WHAT YOU HAVE TO DO: Everything in the listing below has to be repeated exactly, except the pictures.

Segment Open

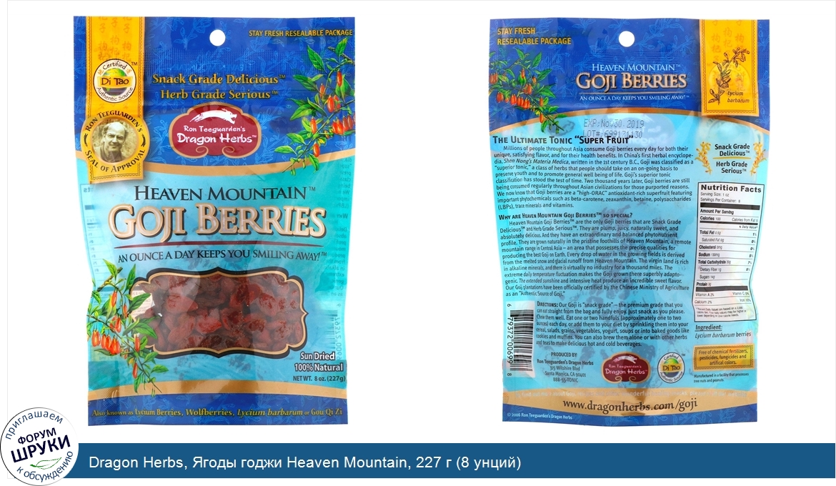 Друзья, если у вас есть отзыв/дополнение/комментарий/вопрос относительно Dragon Herbs, Ягоды годжи Heaven Mountain, 227 г (8 унций) - напишите его ответом в эту тему (это будет полезно всему сообществу в целом и вам в отдельности).
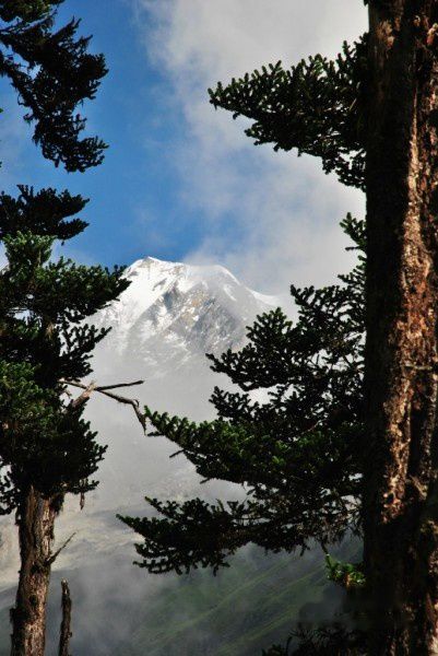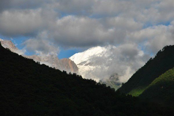 突然,眼前被一团亮白的东西晃了一下,定眼一看,天啊,在遮顶乌云和暗黑的山脊之间的缝隙处,一座洁白的雪山矗立在那儿,身披金色的阳光,而映衬它的竟是一片蔚蓝的天空!知道心花怒放是怎样的吗?就是我此刻的心情。
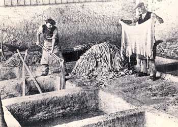 A tanner takes the raw, untreated hide or skin from the abattoir and converts it into leather. In the 19th century this was done by first loosening the hair using lime and sulphide, scraping it off, then immersing in vegetable extracts. The tanner would dry the treated hide which was then in a rough preserved condition.
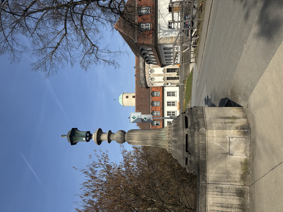 The image displays an exterior scene of the Sprudelhof complex in Bad Nauheim, Germany, captured on a sunny day under a clear blue sky with two faint contrails. In the immediate foreground, to the left, a tall, ornate stone lamp post with a dark, possibly bronze-green, lantern housing stands atop a substantial, light-grey stone structure, likely a bridge railing. The lamp post base features carved details, and the supporting wall below contains a rectangular access panel. Adjacent to the left, a leafless deciduous tree with visible catkins is present. An asphalt road occupies the center-right foreground, curving towards the background. To the right of the road, a wooden fence structure runs parallel to the asphalt. Behind this fence, a silver sedan is partially parked. A bare deciduous tree frames the upper right portion of the image. In the midground, two vertically stacked white square signs, each with a green border and a black bicycle pictogram, are visible. The upper sign displays a left-pointing arrow, and the lower sign indicates a straight direction. The background is dominated by the historic Sprudelhof complex. This multi-building structure features red-tiled roofs, numerous white-framed dormer windows, and light-colored facades. A prominent, cylindrical, light-colored tower with a conical turquoise-green roof is positioned on the left side of the complex. The central section exhibits a circular, neoclassical architectural element with large windows. The ground in front of the buildings is a combination of paved surfaces and green grass patches. No human figures or animals are visible.
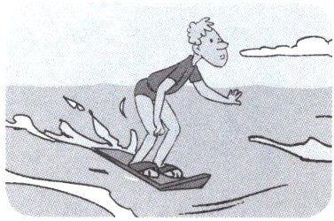 A. He buys clothes. B. He watches a movie. C. He surfs and swims.
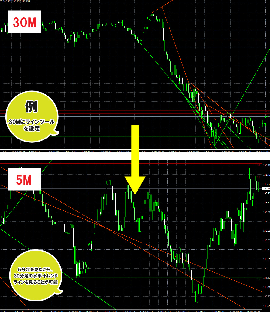 - 使い方: 任意の時間足のラインを見ながら、任意の時間足で押し目買い・戻り売りの最適なポイントを視覚的に把握できます(例:1時間足の水平・トレンドラインを見ながら、5分足でトレード)
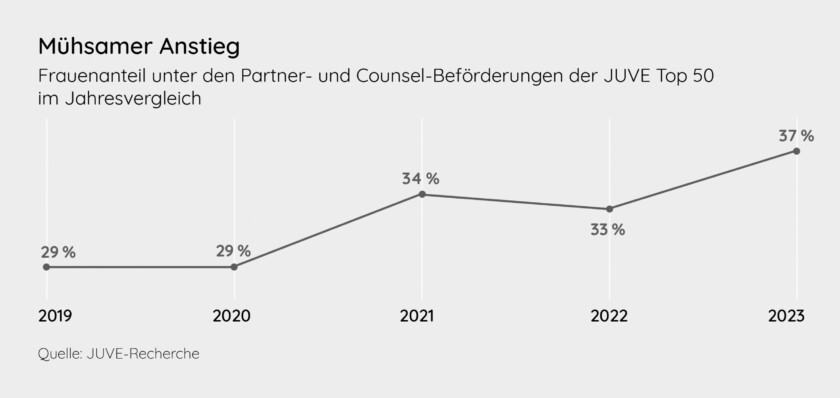 Wenn in einem Jahr 37 Prozent der beförderten Personen weiblich sind, bedeutet das zwar für viele Kanzleien, dass die Partnerriege insgesamt weiblicher wird – schlicht, weil der Status quo noch weit unter diesen 37 Prozent liegt. Allerdings müsste, um langfristig ein annähernd ausgewogenes Geschlechterverhältnis zu erreichen, der Frauenanteil an den Ernennungen bei dieser Ausgangslage mehrere Jahre deutlich über 50 Prozent liegen.
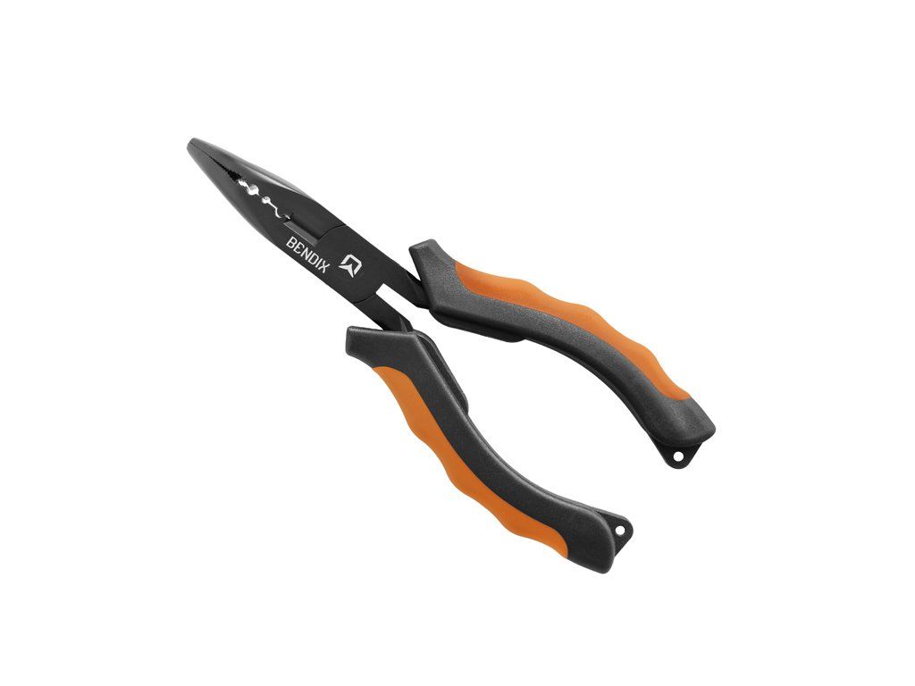 Delphin BENDIX sú multifunkčné kliešte so zahnutou špičkou, ktoré sú určené pre vyslobodzovanie háčikov z tlám dravých rýb v prípadoch zaseknutia v tej najtvrdšej časti. Ich dĺžka je 16cm. Vnútorná strana ramien klieští poskytuje dostatočne drsnú plochu pre uchopenie aj veľkých háčikov vrátane dvoj a trojháčikov. Navyše sú ich čeľuste vybavené strihačom oceľových a wolframových laniek a krimpovacou časťou pre jednoduché aj dvojité krimpy. Sú vyrobené z ocele s vysokým podielom uhlíka a ich obe rúčky sú vybavené plastom oranžovej a čiernej farby, ktoré sú dobre viditeľné za každých podmienok a dobre padnú do ruky. Na oboch ramenách rukoväte sa nachádzajú otvory na prevlečenie šnúrky. S kliešťami BENDIX budete pripravený na každú situáciu pri love dravcov.Dodatočné parametre

Segment Closed

TASK RESULT:
 Друзья, если у вас есть отзыв/дополнение/комментарий/вопрос относительно Dragon Herbs, Ягоды годжи Heaven Mountain, 227 г (8 унций) - напишите его ответом в эту тему (это будет полезно всему сообществу в целом и вам в отдельности).
 突然,眼前被一团亮白的东西晃了一下,定眼一看,天啊,在遮顶乌云和暗黑的山脊之间的缝隙处,一座洁白的雪山矗立在那儿,身披金色的阳光,而映衬它的竟是一片蔚蓝的天空!知道心花怒放是怎样的吗?就是我此刻的心情。
 A tanner takes the raw, untreated hide or skin from the abattoir and converts it into leather. In the 19th century this was done by first loosening the hair using lime and sulphide, scraping it off, then immersing in vegetable extracts. The tanner would dry the treated hide which was then in a rough preserved condition.
 The image displays an exterior scene of the Sprudelhof complex in Bad Nauheim, Germany, captured on a sunny day under a clear blue sky with two faint contrails. In the immediate foreground, to the left, a tall, ornate stone lamp post with a dark, possibly bronze-green, lantern housing stands atop a substantial, light-grey stone structure, likely a bridge railing. The lamp post base features carved details, and the supporting wall below contains a rectangular access panel. Adjacent to the left, a leafless deciduous tree with visible catkins is present. An asphalt road occupies the center-right foreground, curving towards the background. To the right of the road, a wooden fence structure runs parallel to the asphalt. Behind this fence, a silver sedan is partially parked. A bare deciduous tree frames the upper right portion of the image. In the midground, two vertically stacked white square signs, each with a green border and a black bicycle pictogram, are visible. The upper sign displays a left-pointing arrow, and the lower sign indicates a straight direction. The background is dominated by the historic Sprudelhof complex. This multi-building structure features red-tiled roofs, numerous white-framed dormer windows, and light-colored facades. A prominent, cylindrical, light-colored tower with a conical turquoise-green roof is positioned on the left side of the complex. The central section exhibits a circular, neoclassical architectural element with large windows. The ground in front of the buildings is a combination of paved surfaces and green grass patches. No human figures or animals are visible.
 A. He buys clothes. B. He watches a movie. C. He surfs and swims.
 - 使い方: 任意の時間足のラインを見ながら、任意の時間足で押し目買い・戻り売りの最適なポイントを視覚的に把握できます(例:1時間足の水平・トレンドラインを見ながら、5分足でトレード)
 Wenn in einem Jahr 37 Prozent der beförderten Personen weiblich sind, bedeutet das zwar für viele Kanzleien, dass die Partnerriege insgesamt weiblicher wird – schlicht, weil der Status quo noch weit unter diesen 37 Prozent liegt. Allerdings müsste, um langfristig ein annähernd ausgewogenes Geschlechterverhältnis zu erreichen, der Frauenanteil an den Ernennungen bei dieser Ausgangslage mehrere Jahre deutlich über 50 Prozent liegen.
 Delphin BENDIX sú multifunkčné kliešte so zahnutou špičkou, ktoré sú určené pre vyslobodzovanie háčikov z tlám dravých rýb v prípadoch zaseknutia v tej najtvrdšej časti. Ich dĺžka je 16cm. Vnútorná strana ramien klieští poskytuje dostatočne drsnú plochu pre uchopenie aj veľkých háčikov vrátane dvoj a trojháčikov. Navyše sú ich čeľuste vybavené strihačom oceľových a wolframových laniek a krimpovacou časťou pre jednoduché aj dvojité krimpy. Sú vyrobené z ocele s vysokým podielom uhlíka a ich obe rúčky sú vybavené plastom oranžovej a čiernej farby, ktoré sú dobre viditeľné za každých podmienok a dobre padnú do ruky. Na oboch ramenách rukoväte sa nachádzajú otvory na prevlečenie šnúrky. S kliešťami BENDIX budete pripravený na každú situáciu pri love dravcov.Dodatočné parametre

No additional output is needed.